As no reliable data were available for possible interactions between EVE and other drugs, this relationship or the attribution of fatigue in this regard could not be investigated within the scope of the study. This study assessed TSC relevant laboratory parameters, for example, cholesterol, however, these were very sparsely reported by patients or their caregivers precluding a statistical analysis.
2.3 Data Entry and Statistical Analysis
Statistical analysis was performed in SPSS Statistics 27 (IBM Corp., Armonk, NY, USA) using the non-parametric Kruskal–Wallis rank test to determine significant differences between ordinary items.
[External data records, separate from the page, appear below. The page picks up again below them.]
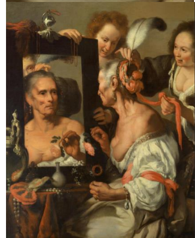
Bernardo Strozzi, Vanitas (c.1637), Pushkin Museum
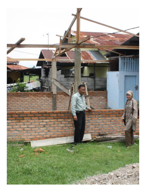
Figure 24. Building Based On Community Funding
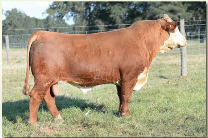
SOUTHERN BIG RED 45513 ET Sells as Lot 236.
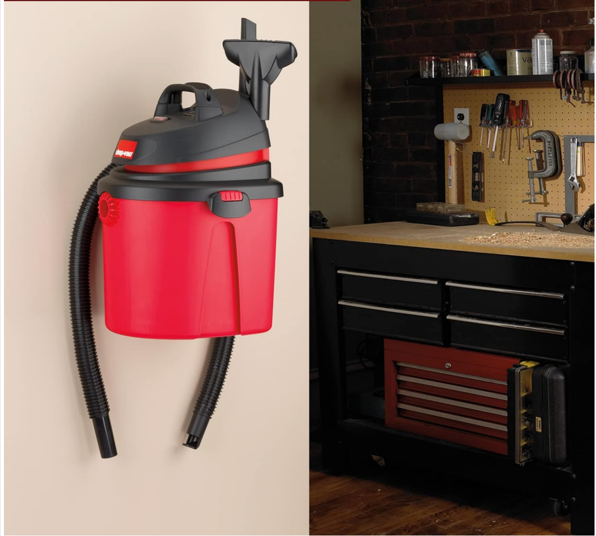
Figure 1: Main view of the Shop-Vac 4 Gallon 4.0 Peak HP Wet/Dry Vacuum.
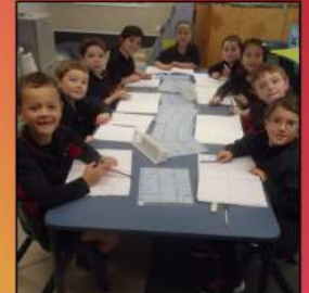
KIWI CHILDREN HARD AT WORK
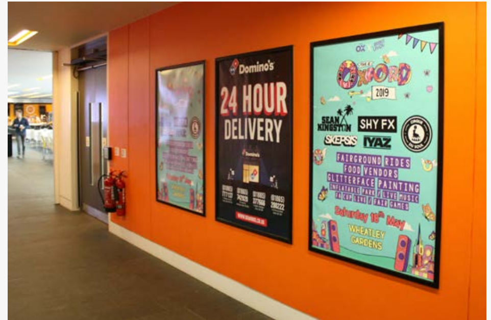
Extra large poster frames in Union Square.
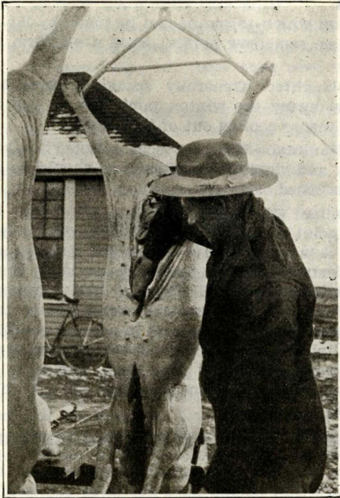
Fig. 2.—Showing proper way of splitting hog. (No danger of cutting fingers or intestines.)

the animal's body, holding it by its front legs. The one doing the sticking puts his hand firmly on the hog's chin and pushes it toward the ground. The knife is taken in the other hand, care being exercised to keep the edge down throughout the operation. A slit is made just in front of the breast bone. The knife is then pushed toward the backbone, allowing the point to project slightly under the breast bone, with the point of the knife cut forward. The depth of the thrust will have to be determined by the size of the hog; for a 225-pound hog not all of the blade of a 6-inch skinning knife will be necessary. While there is little danger of sticking the hog in the shoulder if a skinning knife is used, the animal should be held squarely on his back at all times and the knife should always be kept parallel with the backbone (no attempt should be made to cut crosswise.) It is undesirable to stick the heart; if the muscular action is interfered with the heart stops beating and does not force the blood from the smaller veins which should be thoroughly drained.
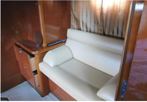
Aft cabin seating
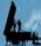
LITTORAL ANTI-AIR BATTALION
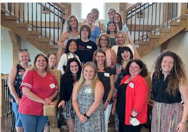
Attendees of Wine Down Wednesday at University Wine Company

Throughout the year, the council organizes events for networking such as Wine Down Wednesday to offer time for meeting others and exchanging ideas over snacks and drinks.
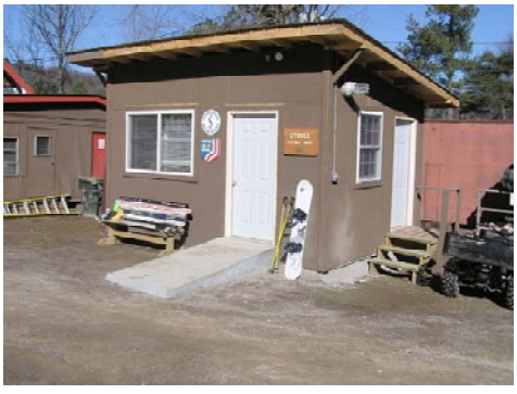
Click to view Photo Album
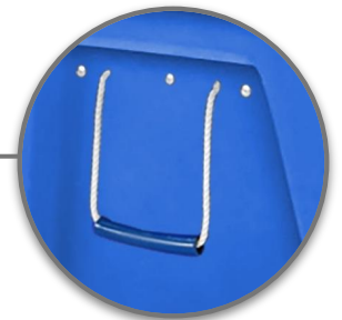
Optional Nylon Rope Handles w/ Rubber Grips
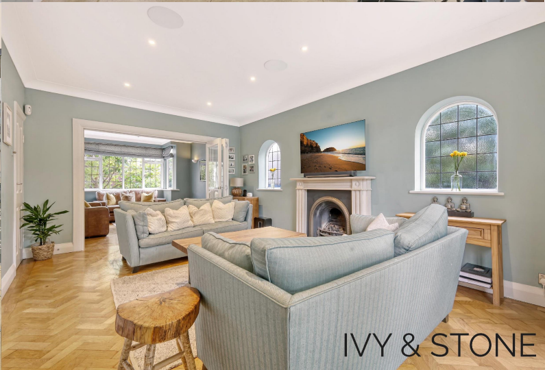
IVY & STONE
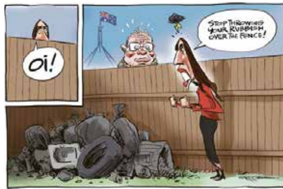
(Rod Emmerson NZ Herald)

The government, and especially Prime Minister Ardern, are now panicking. 'Loan-to-value ratios (LVRs)
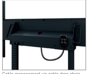
Cable management via cable drag chain
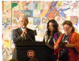
Introduction of Regional Leaders and key volunteers
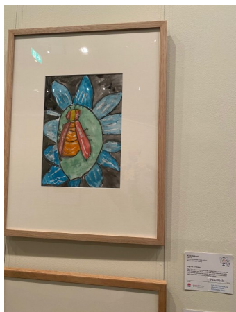
EARLY STAGE 1 - KALKI
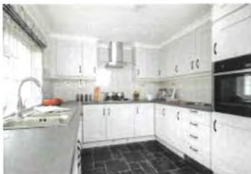
Fittings & Equipment
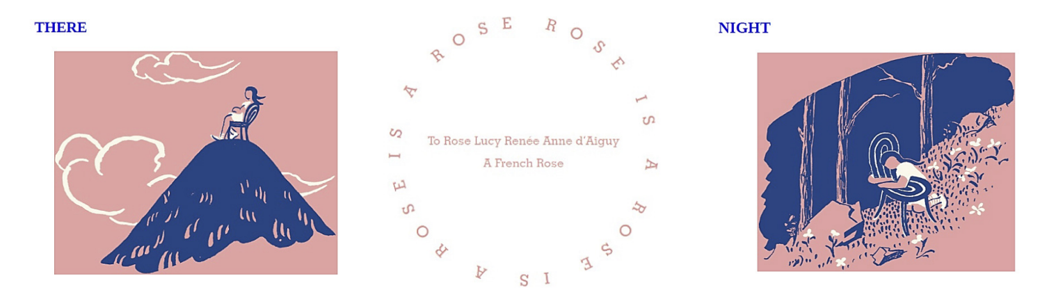
Figure 2. Clement Hurd's illustrations for the US edition of The World is Round (1939) by Gertrude Stein; pictures taken from: collections.library.yale.edu . collections.library.yale.edu/catalog/10544206.
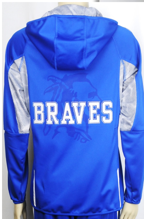
Full Back Reverse Laser Applique & Laser Etch
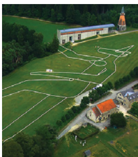
Yona Friedman, La Licorne Eiffel, 2009. Installation at Centre international d'art et du paysage, Ile de Vassivière. Commissioned by Cnap, on loan to Ciap.
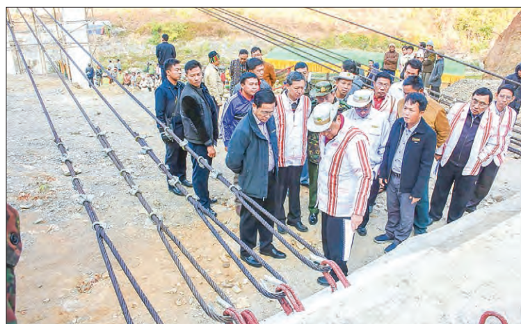
Vice President U Henry Van Thio inspects construction of the suspension bridge in Manipura.
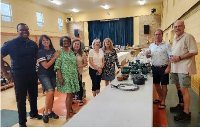
Jul | Prepping for Treasure Sale
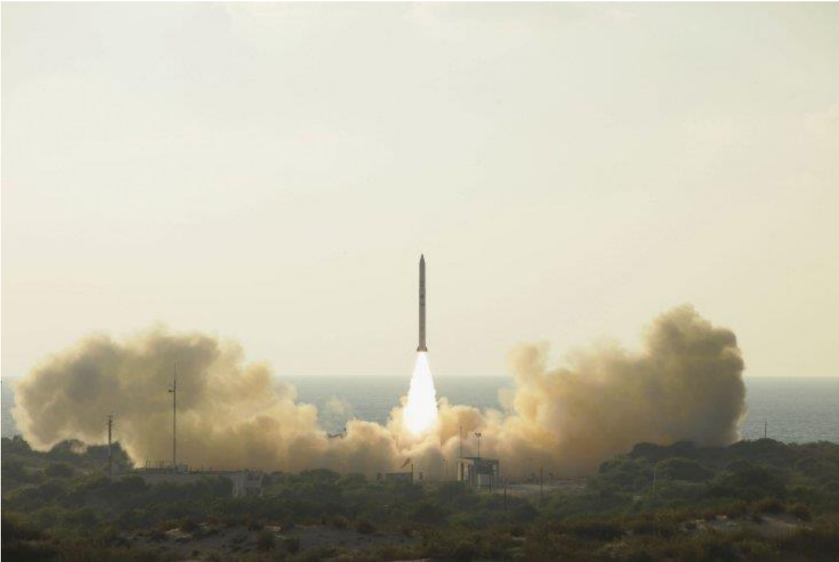
The launch of the Ofek-11, a reconnaissance satellite built by Israel Aerospace Industries. (IAI) 1692959

Chappell said that the ways in which data is analysed and manipulated have evolved in a number of ways. The key is to be able to pool together data from the wide variety of networked sources, from satellites to high-altitude platforms and UAVs.
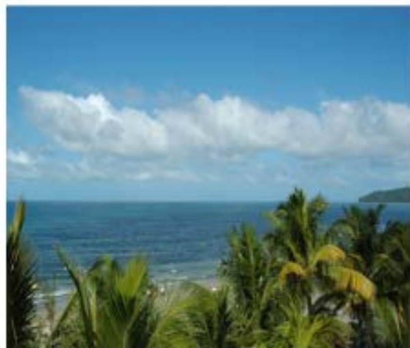
New years day on the beach in Tela
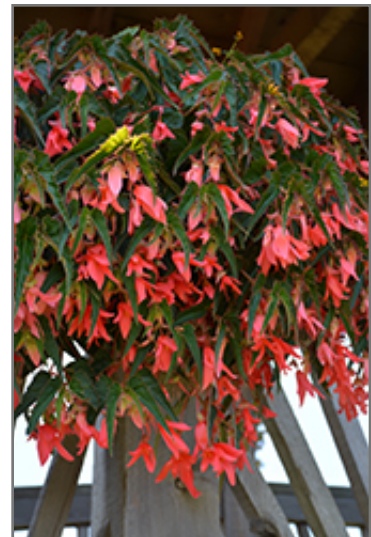
San Francisco Begonia in bloom
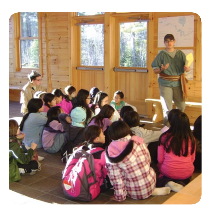
YMCA CAMP WIDJIWAGAN
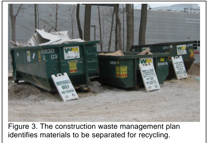
Figure 3. The construction waste management plan identifies materials to be separated for recycling.
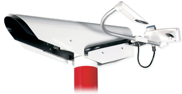
The integrated forward scatter sensor.

The Vaisala patented automatic calibration method for transmissometers is based on an integrated forward scatter sensor/present weather sensor. The system automatically detects drift and adjusts the sensor settings accordingly. Weather conditions do not need to be as good as for manual calibration; the LT31 automatically recognizes suitable conditions.
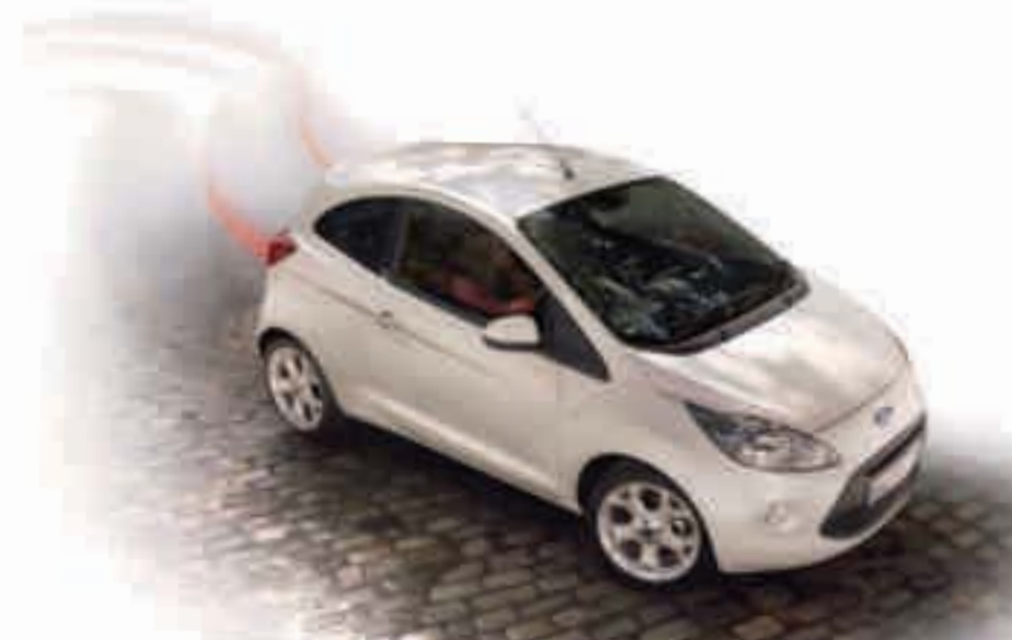
Image opposite: Model shown is a Ford Ka Zetec with Sunrise paint and 16" Alloy Wheels (option).
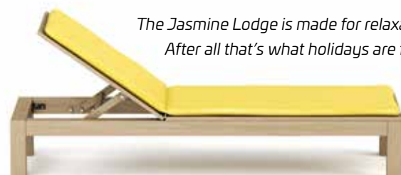
The Jasmine Lodge is made for relaxation. After all that's what holidays are for.

After an absence of a couple of years, the brand new, re-imagined Jasmine Lodge 2 really is the ideal luxury holiday home to sit back, relax and enjoy life to the full.
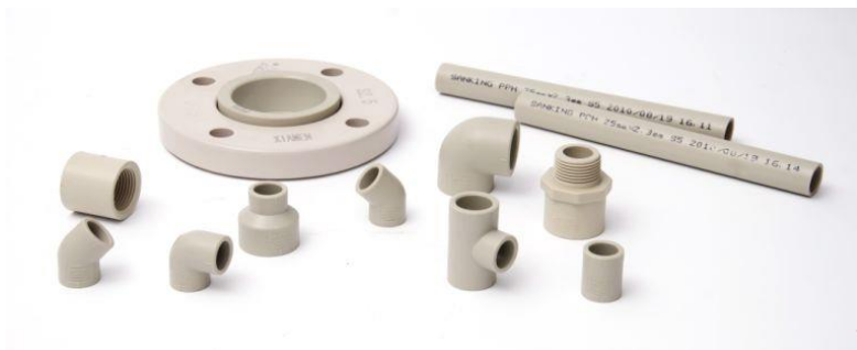
2.1.9 PP Series – PPH Industrial Piping Systems
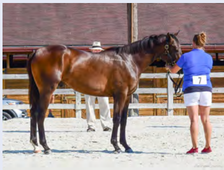
Divining Rod-Miss Nondescript colt placed 2nd in his class for MD-sired/MD-bred colts.

We also made waves showing a rare Palomino thoroughbred filly named Divine d'Or, by Divining Rod, who was a hit with spectators. The annual Yearling Show continues its importance on the Maryland calendar as a gathering place for the stalwart breeders of Maryland foals. It is also an excellent schooling experience for these yearlings as they begin prepping for the fall sales. Look for a number of these quality Maryland-bred yearlings to be offered at the Fasig-Tipton Midlantic Yearling Sale in Timonium on Sept. 30 and Oct. 1.
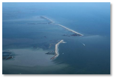
W8, W9, & W10 Berms - November 21, 2010
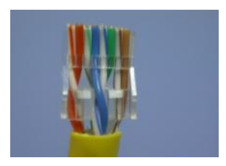
6) Cut the 8 wires outside the insert.
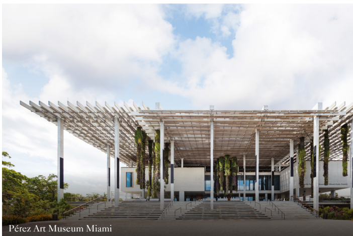
Pérez Art Museum Miami
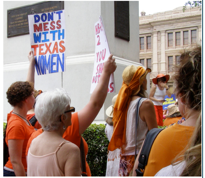
On Sunday, April 27, the closing session (10:45-11:30 a.m.) will provide information on what we must do in the next few months. Speaking on "Beyond Good 'Ole Boys and Ma

The number of women served with contraceptive care, breast exams, pap smears, and screening for health risks, such as diabetes, hypertension, and high cholesterol, has been reduced through clinic closings and cuts in staff and hours. This is more than a women's issue.
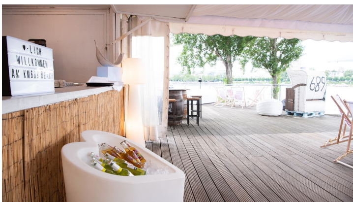
km 689 Cologne Beach Club, DomBlick Lounge
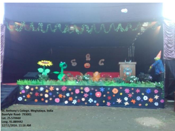
College Week Inauguration, 2016
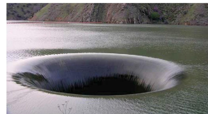
Precedent image of Nautilus Pond™ draining system
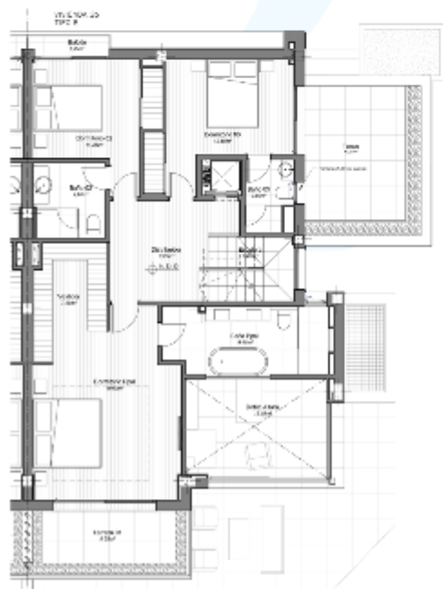
- FIRST FLOOR -
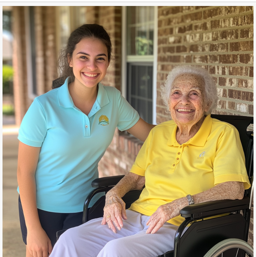
Home Care in Mesa Made Easy

Beyond service descriptions, MesaHomeCare.net addresses common concerns and questions families may have, such as:
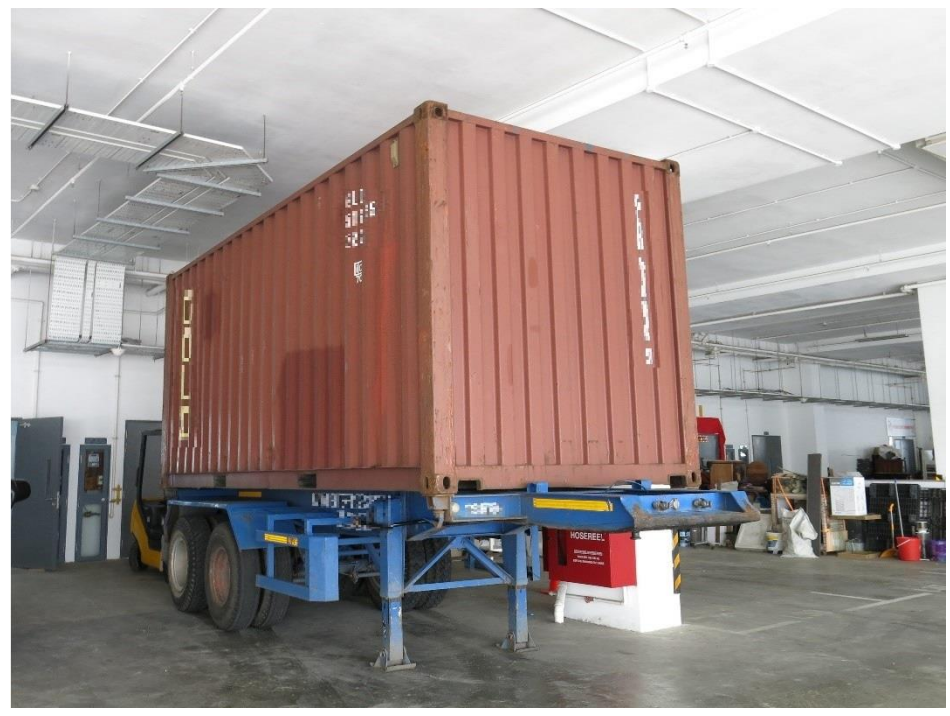
On 23 March 2018, Singapore Customs officers conducted a check on a 20-foot container at an industrial building in Sunview Road.
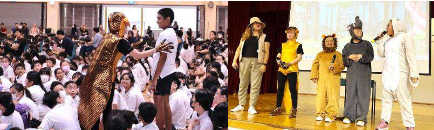
Springdalites participating actively during Quiz time

Springdalites commemorated Racial Harmony Day on 21 July. During assembly, Springdalites watched a performance entitled 'Party at the Night Safari' . The interactive play taught children about diversity in the community and the importance of respecting the different races and cultures.
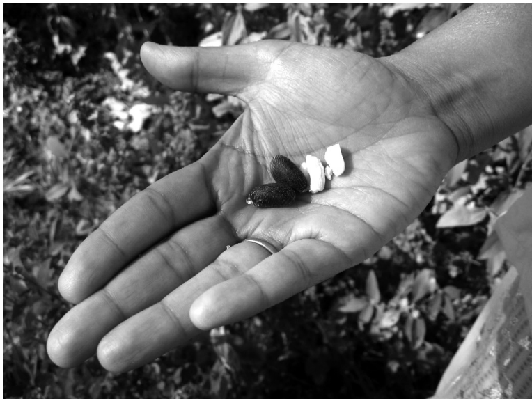
Jatropha curcus seeds, within and without their black shells

Jatropha fever is spreading everywhere. The Centre for Research and Application in Plant Tissue Culture in Hisar, Haryana, has provided over 100,000 jatropha plants to the farmers, and the Haryana Forest Department is creating 300 hectares of model jatropha plantations. Similarly, the Forest Department in Himachal Pradesh is itself distributing jatropha saplings for planting. Ironically, the promotion of jatropha is being carried out as part of a project to “green” the state. Meanwhile, there is growing concern about the future of ecologically sensitive areas – such as the Barnavapara National Park in Chhattisgarh – which will find themselves surrounded by a sea of jatropha.
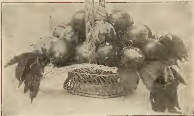
Red Nagate and Abundance Plums at Fruitland

Red Nagate, Red June, or Long Fruit. Pointed; 1\frac{3}{4} by 1\frac{1}{2} inches; skin thick, purplish red, with blue bloom. Flesh yellow, solid, somewhat coarse-grained, juicy, subacid, with Damson flavor; clingstone; quality good. Very prolific, showy and attractive in color. It ripens a week before Abundance, and is the earliest large-fruited market variety. Keeps well. Splendid shipper.
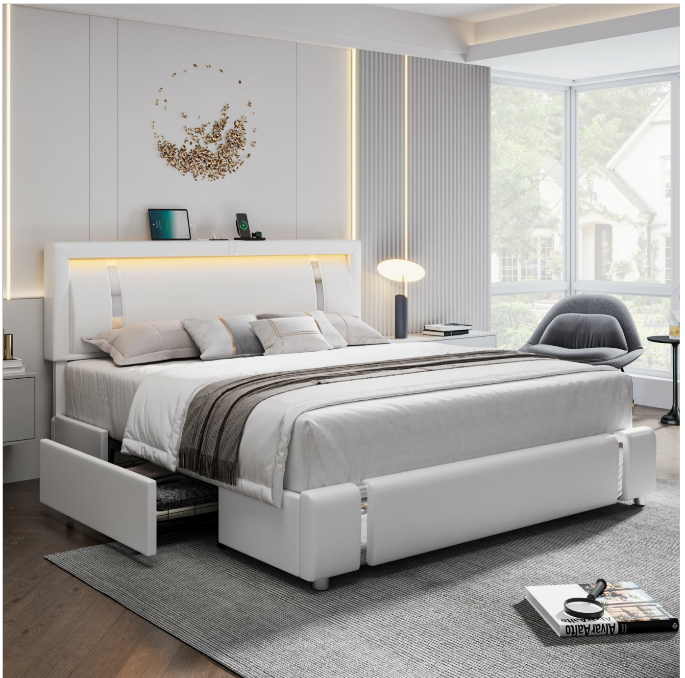
Figure 7.1: The Keyluv KLV-UP-229 Full Size Bed Frame in white, showcasing its modern design and features.
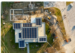
COMMERCIAL & INDUSTRIAL
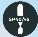
NET AND PARACHUTE

The SkyWall launchers can be used with a range of SkyWall projectiles. There is a parachute projectile to control the descent of the captured drone, minimising collateral damage risk. If the parachute is not required, the net-only projectiles can offer an increase in range and capture rate.

For the comparison of processed data, an unpaired T-test was performed using the mean, standard deviation and number (n). After post hoc corrections for multiple testing using the Benjamini–Hochberg method [34, 35], p values < 0.05 were regarded as significant. As the study design does not allow for a comparison of factors before and after/on EVE therapy, a multivariate analysis stepwise backwards regression based on all sociodemographic and disease-specific aspects as well as ASD number and AEs under EVE was used to identify factors that influence LAEP and HRQOL at the best possible rate [36]. Graphs were created using GraphPad Prism 7 (GraphPad Software, San Diego, CA, USA) and arranged using PixelmatorPro (Pixelmator Team, Vilnius, Lithuania).
3 Results
3.1 Sociodemographic Data and Disease-Specific Aspects
Overall, 365 participants were enrolled in this analysis. The mean age of the total study population was 22.1 ± 15.4 years (median: 19.0 years, range: 0.7–78.0 years), with an equal sex distribution (49.3% female, 50.7% male). The mean age at the time of TSC diagnosis was 6.2 ± 12.0 years (median: 1.0 years), from a prenatal diagnosis at − 0.33 years to 66 years. The mean age at the time of initial TSC manifestation was 3.3 ± 9.0 years (median: 1 year), from a prenatal manifestation at − 0.25 years to 66 years. Most patients (38.4%, n = 140) reported a genetic variation in TSC2, including eight patients (2.2%) reporting the TSC2/PKD1 contiguous gene (PKDTS), whereas 15.1% (n = 55) reported a genetic variation in TSC1. The subgroup of children and adolescents with TSC comprised 166 patients (45.5%), with a mean age of 9.3 ± 5.0 years (median: 9.6 years, range 0.7–17.9 years), 47.0% of whom were female (n = 78). The subgroup of adults with TSC contained 199 patients (54.5%), with a mean age of 32.8 ± 12.7 years (median: 30 years, range 18–78 years).
3.2 Use of mTOR Inhibitors
Overall, 134 patients (36.7%) reported the intake of at least one dose of EVE during their lifetimes (lifetime prevalence), and 115 (31.5%) patients reported using EVE at the time of study entry. The mean current dose of EVE was 6.1 ± 3.4 mg per day (median: 5.0 mg per day, range 0.5–15 mg per day), with a mean dose in the subgroup of children and adolescents of 5.1 ± 2.9 mg per day (median: 5 mg per day, range 0.5–12.5 mg per day) and a mean dose in the adult subgroup of 6.8 ± 3.5 mg per day (median: 5 mg per day, range; 1.5–15.0 mg per day). These values corresponded with a mean dosage of 4.9 ± 2.5 mg/m2 (median: 4.2 mg/m2, range 0.8–15.1 mg/m2) for all patients, a mean of 6.1 ± 2.9 mg/m2 (median: 5.6 mg/m2, range 2.0–15.1 mg/m2) among children and adolescents, and a mean of 4 ± 2.1 mg/m2 (median: 3.7 mg/m2, range 0.8–10.1 mg/m2) among adult patients. Detailed sociodemographic and disease-specific characteristics of all cohorts are provided in Table 1.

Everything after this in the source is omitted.